Differentially Private Adaptation of Diffusion Models via Noisy Aggregated Embeddings
Pura Peetathawatchai, Wei-Ning Chen, Berivan Isik, Sanmi Koyejo, Albert No
TL;DR
The paper tackles privacy risks in personalizing diffusion models on small, sensitive datasets by proposing DPAgg-TI, which privately aggregates per-image TI embeddings to adapt generation without full model fine-tuning. By learning separate embeddings for each image and aggregating them into a noisy centroid, DPAgg-TI achieves formal $(\varepsilon,\delta)$-DP guarantees and preserves stylistic fidelity much better than DP-SGD under the same privacy budget, as demonstrated on private artwork and Paris 2024 pictograms. The approach leverages subsampling to amplify privacy and uses normalization to bound sensitivity, enabling efficient, modular adaptation with competitive outputs close to non-private baselines. Experimental results include perceptual user studies, KID analyses, and an ablation comparing to DP-SGD, highlighting the method’s robustness in low-data regimes and its practical implications for privacy-preserving style transfer in diffusion models.
Abstract
Personalizing large-scale diffusion models poses serious privacy risks, especially when adapting to small, sensitive datasets.
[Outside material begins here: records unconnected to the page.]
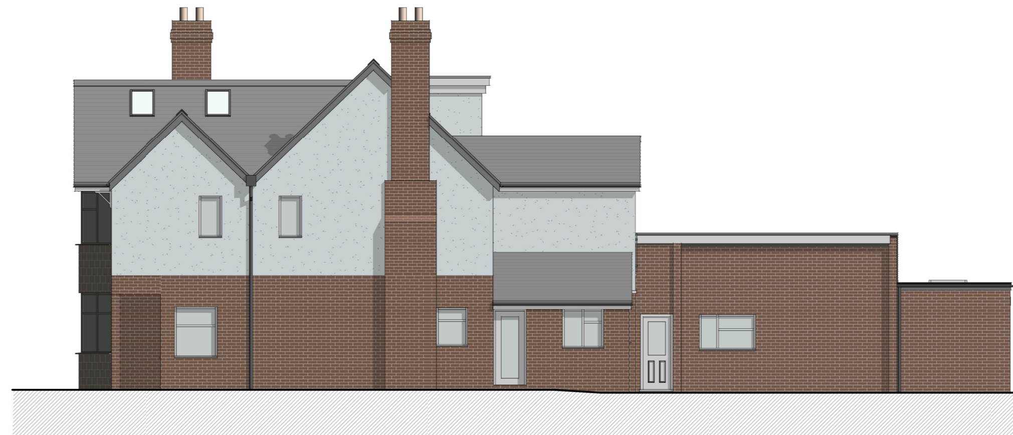
Side Elevation (East)
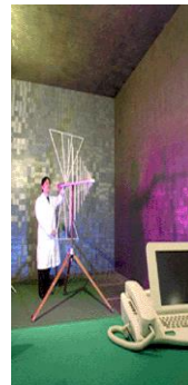
3 meter chamber
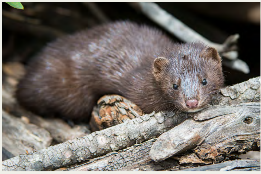
American mink (Hinton, Alberta)
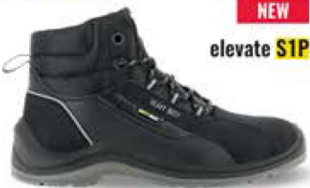
NEW elevate S1P

Sole PU/PU Toecap Steel Midsole Puncture Resistant SJ FLEX Lining Mesh Nylon Insole Premoulded Category S3 / SRC Size Range 36-47
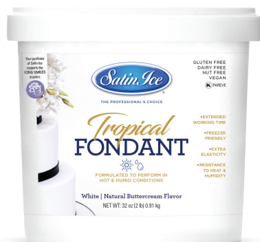
2lb (.91 kg) Pail 10 PER CASE
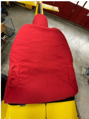
Airbus Helicopter H-125 & AS350 Intake/Exhaust Cover (newer design)

WINTER USE MATERIAL - Made with Solution-Dyed Polyester fabric, this option is intended for seasonal use to aid in deicing, rain mitigation, or for occasional travel. The material is lighter and more compact, but more susceptible to UV damage and may have a shorter useful life if used continuously outside than the all-year use material.
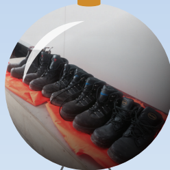
10 safety steel caps
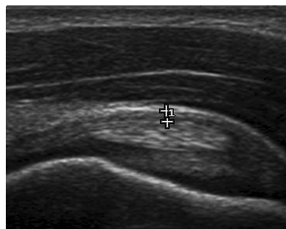
Figure 1 Example of coracohumeral thickness measurement. Note the tendon of the long head of the biceps below the calipers.
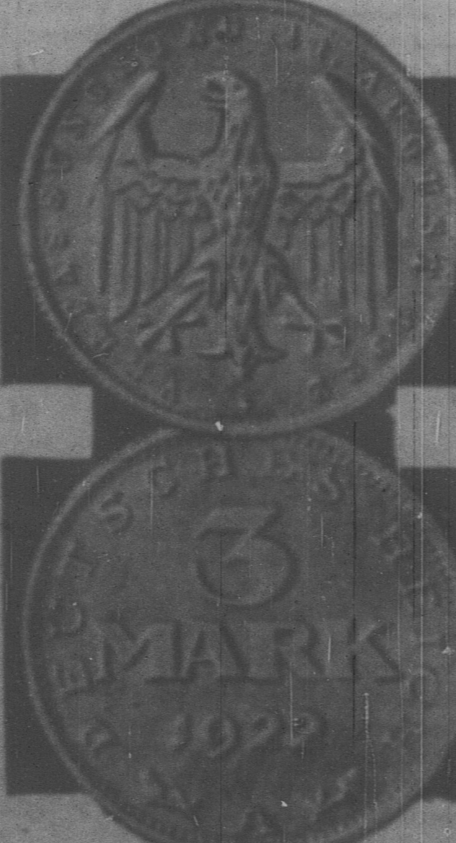
On Constitution day in Germany the first three-mark pieces of currency were distributed by the post. Other currency will follow. The design of the coin is by Professor Quacknorf of Munich.

First American Dental College. The first dental school in the United States was established in Baltimore in 1830.
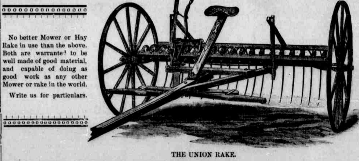
THE UNION RAKE.
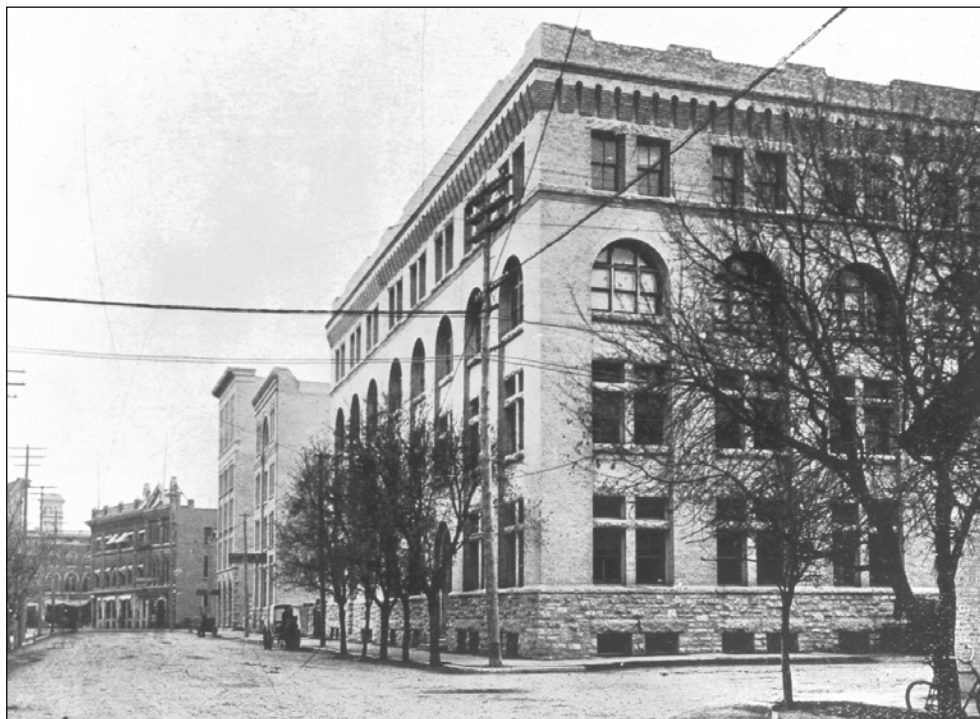
Plate 2 – Bannatyne Avenue looking east from Rorie Street, c. 1903.
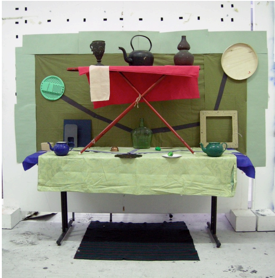
1 st Year Still Life Set-up, Gray's School of Art, 2009
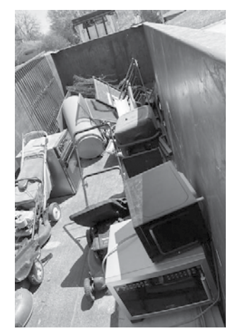
Metal hauled to Alter Trading to be cleanup .

Do you have construction material and items such as windows and doors from building/remodeling projects as well as leftover lawn and landscaping materials and furniture in good condition? These items are collected and donated to the new Habitat for Humanity ReStore at 5601 S 59th Street.
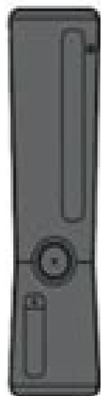
Xbox 360 Console with hard drive
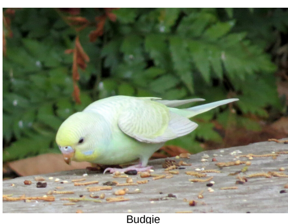
July 29, 2018 - Bakersfield, CA
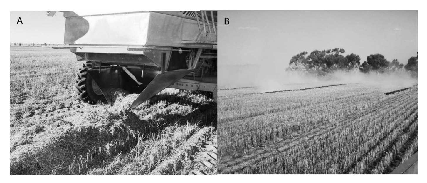
Figure 2 a) Chaff chute mounted on the rear of a harvester to form narrow windrows during harvest. b) Burning narrow windrows in wheat stubble in autumn (March to April)

Smith 1975). The biological attribute of seed retention at maturity in annual ryegrass, wild radish, and several other annual crop weed species, means that seeds are attached to the upright plant enabling the weed seeds to be collected (harvested) during grain crop harvest. For example, in field crops a large proportion (up to 80%) of total annual ryegrass seed production can be collected during a typical commercial grain harvest (Walsh and Powles 2007). These weed seeds enter the front of the grain harvester, are processed, and exit the grain harvester in the chaff fraction. An irony is that these "harvested" weed seeds are evenly redistributed across the crop field to become future weed problems. Thus, grain crop harvest presents an opportunity to target weed seed production, thereby minimizing replenishment/increase of the weed seedbank. As outlined below, harvest weed seed control (HWSC) systems have been developed in Australia to target and destroy weed seeds during commercial grain crop harvest, minimizing weed seed inputs into the seedbank (Walsh and Powles 2007).

A common approach is to fine-tune the model using differentially private stochastic gradient descent (DP-SGD), but this suffers from severe utility degradation due to the high noise needed for privacy, particularly in the small data regime. We propose an alternative that leverages Textual Inversion (TI), which learns an embedding vector for an image or set of images, to enable adaptation under differential privacy (DP) constraints. Our approach, Differentially Private Aggregation via Textual Inversion (DPAgg-TI), adds calibrated noise to the aggregation of per-image embeddings to ensure formal DP guarantees while preserving high output fidelity. We show that DPAgg-TI outperforms DP-SGD finetuning in both utility and robustness under the same privacy budget, achieving results closely matching the non-private baseline on style adaptation tasks using private artwork from a single artist and Paris 2024 Olympic pictograms. In contrast, DP-SGD fails to generate meaningful outputs in this setting.